孫歸燕和夜豪均是難以置信的看著對方。
“這不可能。”孫歸燕的淚水汩汩的流出,她無論如何都無法相信這個事實。
夜豪渾身顫抖,興奮和擔心交織在一起,令得比先前更加的著急和焦慮。月唯是被某種力量所帶走了,可問題是有誰能夠在孫歸燕的眼皮子底下,在如此多是反空間之門印記的鎖定下神不知鬼不覺的將月唯帶走?
“你再檢查一次,這絕對不可能。”孫歸燕開始歇斯底里,一個閃身將夜豪的脖頸捏住,痛苦的說:“麻煩你告訴我,這絕對不是真的。”
“那是迷霧的氣息對不對?”夜豪感受過這種類似的氣息,在彼得大學的一次修行之中,也就是在迷霧區中他第一次見到了demon。
“不,更確切的說是荒原的氣息。”孫歸燕將夜豪丟到一邊,無力的坐在一張椅子上,喃喃的自言自語說:“這不可能,荒人怎么可能會滲透到了后京之中,來到我們孫家的宗祠所在地,而且還是防御最嚴密的地方,就這樣將唯兒帶走了,這不可能啊。”
夜豪的焦慮攀升到了一個頂點,他的力量在咆哮卻找不到一個合適的宣泄口。但這股焦慮沖破了極限,夜豪卻是迅速的冷卻了下來,借助從夢宇宙之中學會的情緒控制,他強行讓自己的情感剝離身體,進入了一個無我的情緒境界之中,他的注意力開始前所未有的集中。
他將投射在腦海之中的環境模型重新梳理了一遍,他立刻便是掌握到許多信息。
一股之前并未注意到,被偽裝過的味道。是的,這些味道被從分子級別上經過基團修飾,使相關的氣味的化學性質發生了轉變。
夜豪的維力延伸出去,將其中十分典型的其中幾個化學性質進行了反向還原。登時一股混合著迷霧中那酸敗的陽光味道傳了過來。那種味道仿佛是被太陽曬過的被褥的味道,是一些烴類物質,看樣子顯然是除了月唯之外另一個生物身上分泌出來的油脂腺的分泌物。

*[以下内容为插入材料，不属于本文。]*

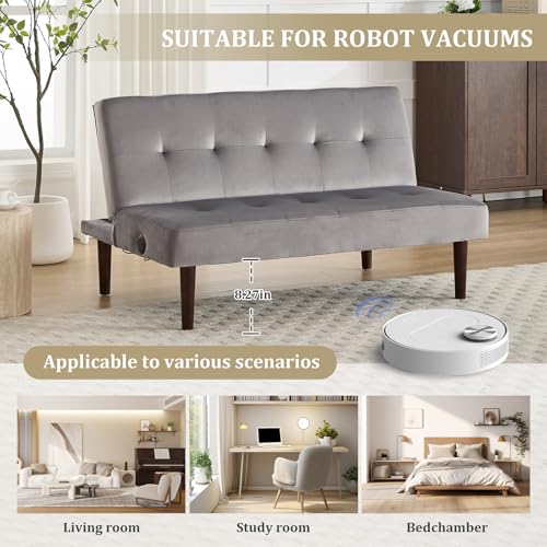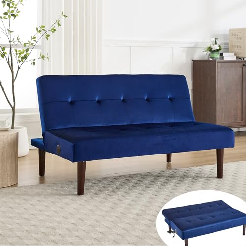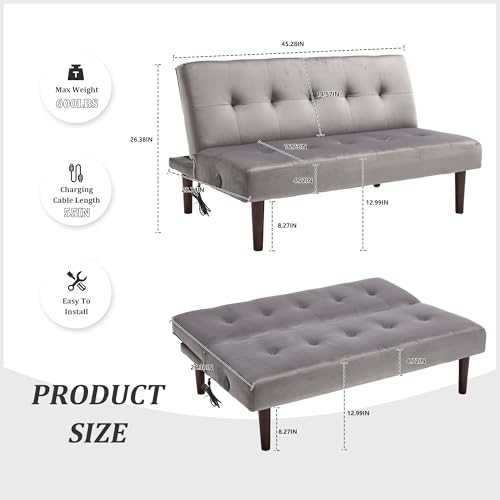 Mini Folding Futon Sofa Bed,45" Small Loveseat Couch with Adjustable Backrest & Charging Port,Modern Sleeper Recliner for Small Living-Spaces,Apartment,Dorm,Office (Blue)(Grey)

孫歸燕立刻也察覺到了這股味道,她睜大眼睛盯著夜豪,但卻十分知趣沒有打擾他,因為夜豪通過深淵通道此刻將所有的數據都同步傳輸給了她。
毫無疑問,這里曾經有過另一個生物,或許是荒人亦或者人類的圣裝行者,但毫無疑問的是他或它十分擅長隱匿自己的蹤跡,他甚至有能力將自身的體味進行中和,這便是夜豪都無法做到如此完美。
順著這股氣味的另一頭,夜豪的目光轉移到了石床上,那里有月唯留下的幾根秀發,但那秀發的根部殘留著皮脂腺,是的,這不是自然脫落的頭發。說明月唯受到襲擊之前沒有任何的察覺。
孫歸燕又開始抽泣,更多線索的出現令她的后海和焦慮不斷的攀升。是的,月唯確實失蹤了,或許還活著,但并不代表她現在的境遇就一定很好。
夜豪的空明險些兒被混亂的情緒所沖毀,他的心臟跳動得十分快速,但他還是強行通過壓制神經的電流讓心跳緩慢下來,然后深吸一口氣,繼續他的追蹤。
氣味從床上延伸而出,在空中繞了足足了三四十圈,也就是說,兩人發生過對戰,月唯并不是毫無反抗能力。而且從軌跡上來看,月唯的實力極為的強悍,三四十圈這顯然是在短時間內發生的。
“唯兒繼承了我一部分的ape能力,她的速度也很快。”孫歸燕給夜豪解釋說。
“可問題是,那個東西的速度并不比月唯的慢。”雖然沒有月唯的維力殘留可以證明,但按氣味的軌跡卻是能夠佐證出許多事情。
夜豪的目光轉移到了隧道盡頭的一個角落上,那里的巖體保持得很好,但夜豪的目光卻是停留了下來。